** Opening Information shown block **
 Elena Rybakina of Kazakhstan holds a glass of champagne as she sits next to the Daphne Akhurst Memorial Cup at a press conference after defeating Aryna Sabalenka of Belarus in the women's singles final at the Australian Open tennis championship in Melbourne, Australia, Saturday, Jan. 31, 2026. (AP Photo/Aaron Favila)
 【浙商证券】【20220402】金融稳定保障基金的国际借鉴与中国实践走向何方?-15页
** Closing Information shown block **
** Opening Information shown block **
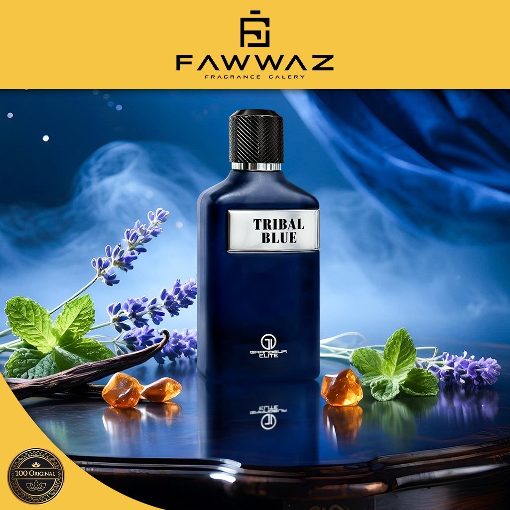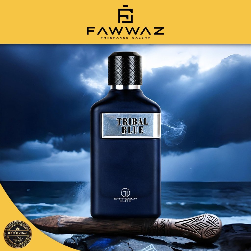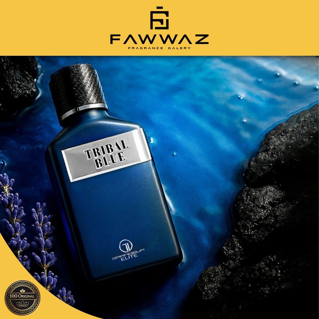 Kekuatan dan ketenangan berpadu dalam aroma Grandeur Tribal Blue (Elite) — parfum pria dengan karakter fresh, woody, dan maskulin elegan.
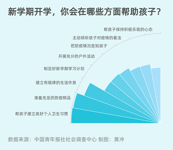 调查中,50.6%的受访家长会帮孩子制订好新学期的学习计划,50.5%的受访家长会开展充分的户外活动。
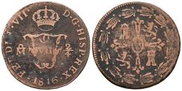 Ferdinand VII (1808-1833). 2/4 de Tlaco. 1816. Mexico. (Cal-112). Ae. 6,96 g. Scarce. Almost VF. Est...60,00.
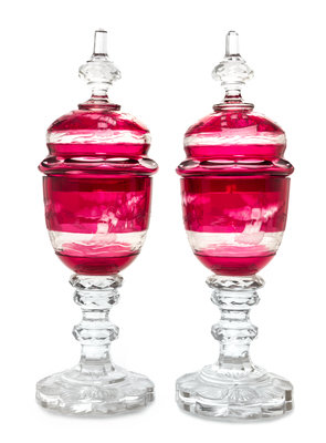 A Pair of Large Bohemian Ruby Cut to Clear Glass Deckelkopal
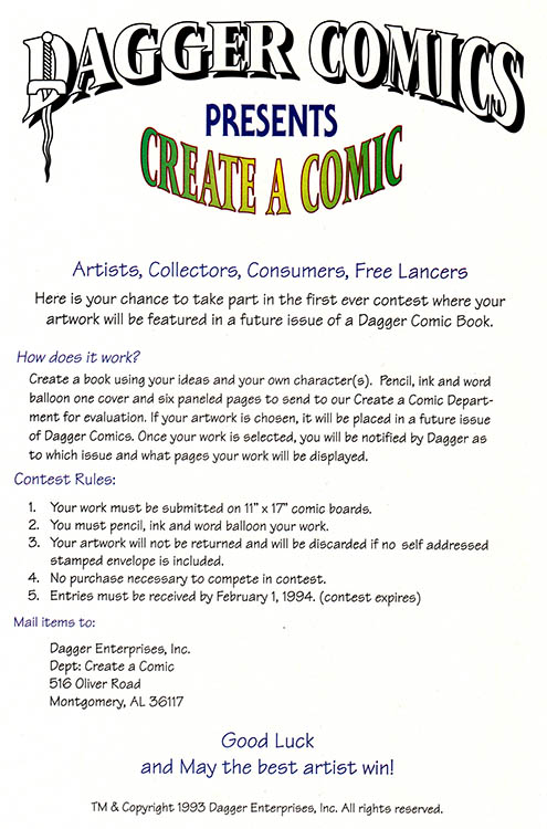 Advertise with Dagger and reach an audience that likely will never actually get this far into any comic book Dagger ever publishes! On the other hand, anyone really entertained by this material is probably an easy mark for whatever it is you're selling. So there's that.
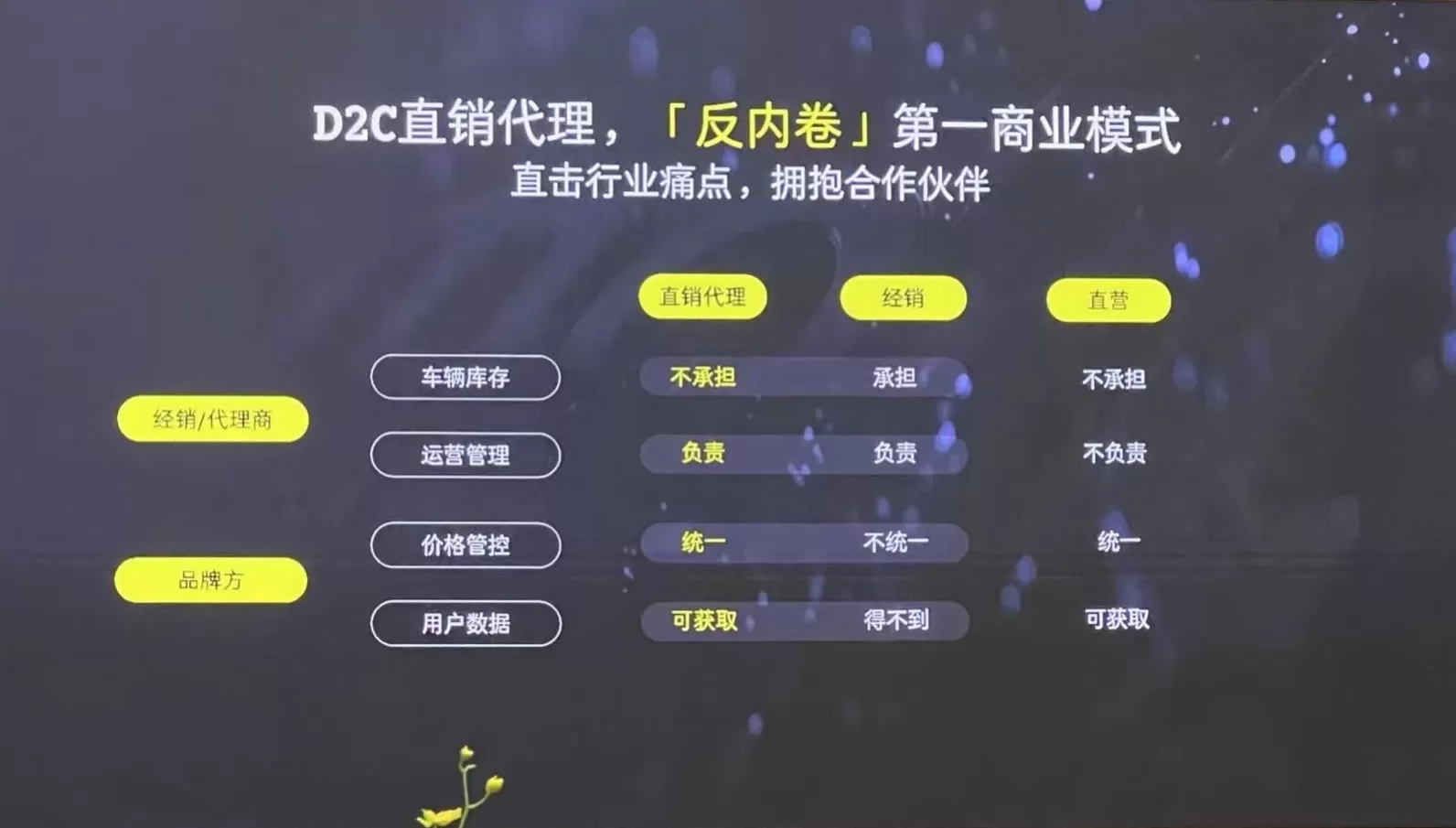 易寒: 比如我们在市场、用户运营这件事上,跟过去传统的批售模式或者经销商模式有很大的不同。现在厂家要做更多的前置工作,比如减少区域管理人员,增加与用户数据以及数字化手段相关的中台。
** Closing Information shown block **
## Requirement
Retype only the lines above from the one with "Kekuatan dan ketenangan" through the one with "易寒: 比如我们在市场、用户", exactly and with both ends. Images stay out.

## Finished exercise
 Kekuatan dan ketenangan berpadu dalam aroma Grandeur Tribal Blue (Elite) — parfum pria dengan karakter fresh, woody, dan maskulin elegan.
 调查中,50.6%的受访家长会帮孩子制订好新学期的学习计划,50.5%的受访家长会开展充分的户外活动。
 Ferdinand VII (1808-1833). 2/4 de Tlaco. 1816. Mexico. (Cal-112). Ae. 6,96 g. Scarce. Almost VF. Est...60,00.
 A Pair of Large Bohemian Ruby Cut to Clear Glass Deckelkopal
 Advertise with Dagger and reach an audience that likely will never actually get this far into any comic book Dagger ever publishes! On the other hand, anyone really entertained by this material is probably an easy mark for whatever it is you're selling. So there's that.
 易寒: 比如我们在市场、用户运营这件事上,跟过去传统的批售模式或者经销商模式有很大的不同。现在厂家要做更多的前置工作,比如减少区域管理人员,增加与用户数据以及数字化手段相关的中台。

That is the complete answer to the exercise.